Problem details:
Line by line, restate the material word for word, omitting any image.

Collected material:
======
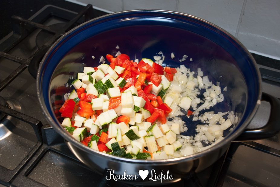 - 1 kleine/middelgrote courgette, in kleine blokjes gesneden
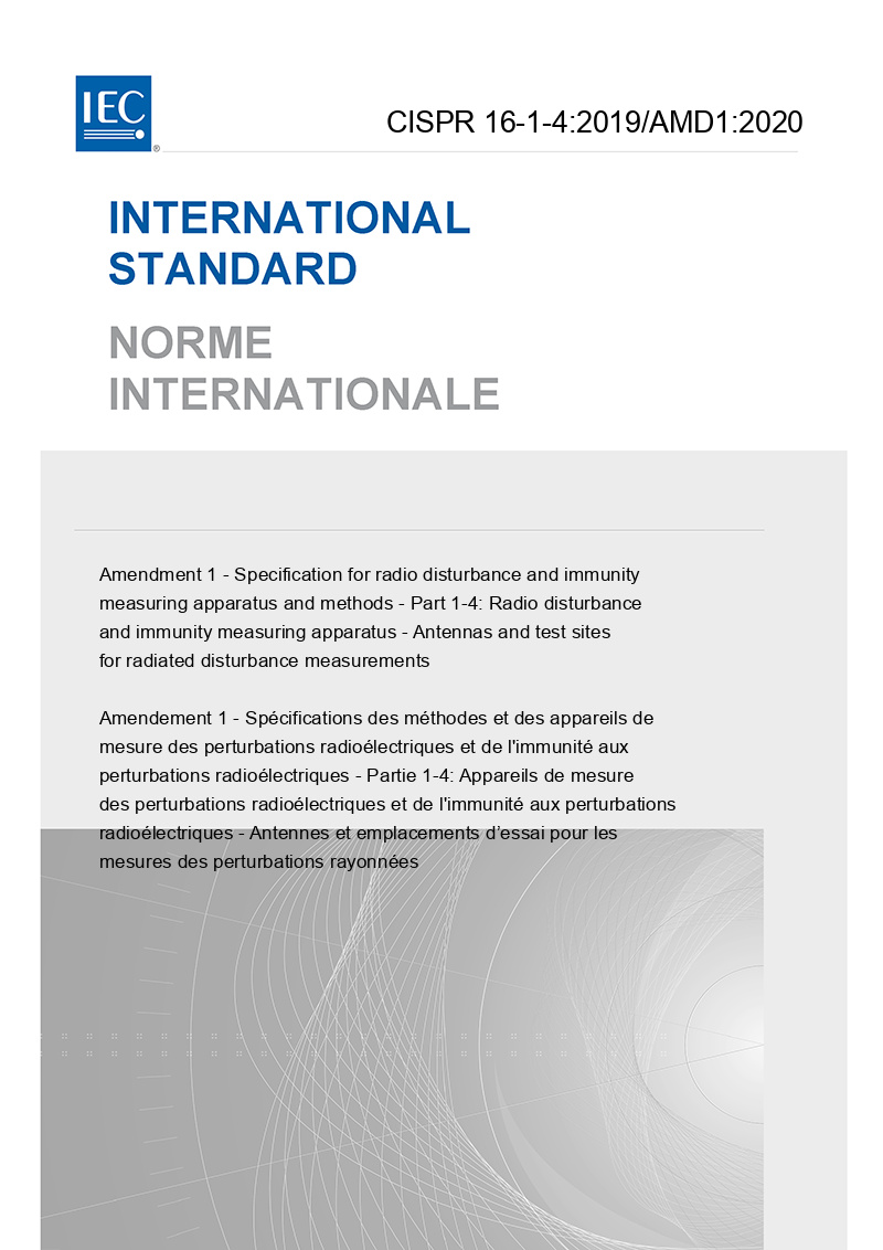 >IEC Standards>CISPR 16-1-4:2019/AMD1:2020 - Amendment 1 - Specification for radio disturbance and immunity measuring apparatus and methods - Part 1-4: Radio disturbance and immunity measuring apparatus - Antennas and test sites for radiated disturbance measurements
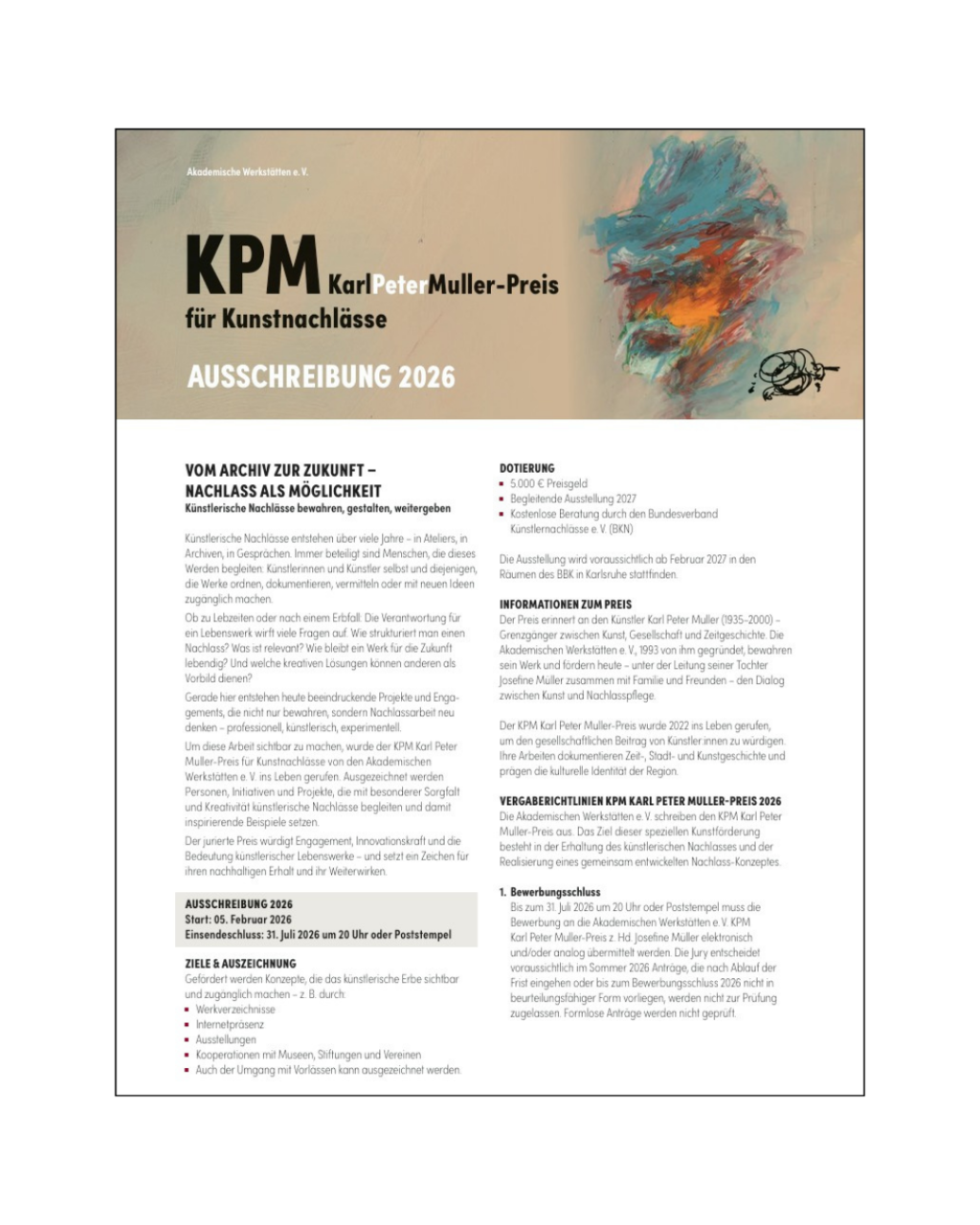 Ankündigung und Ausschreibung des KPM Karl Peter Muller Preises für Kunstnachlässe 2026. um 17.00 Uhr anschließender Live-Event „Schreddern oder sichern? – Sie entscheiden!“
======
Solved exercise:
 - 1 kleine/middelgrote courgette, in kleine blokjes gesneden
 >IEC Standards>CISPR 16-1-4:2019/AMD1:2020 - Amendment 1 - Specification for radio disturbance and immunity measuring apparatus and methods - Part 1-4: Radio disturbance and immunity measuring apparatus - Antennas and test sites for radiated disturbance measurements
 Ankündigung und Ausschreibung des KPM Karl Peter Muller Preises für Kunstnachlässe 2026. um 17.00 Uhr anschließender Live-Event „Schreddern oder sichern? – Sie entscheiden!“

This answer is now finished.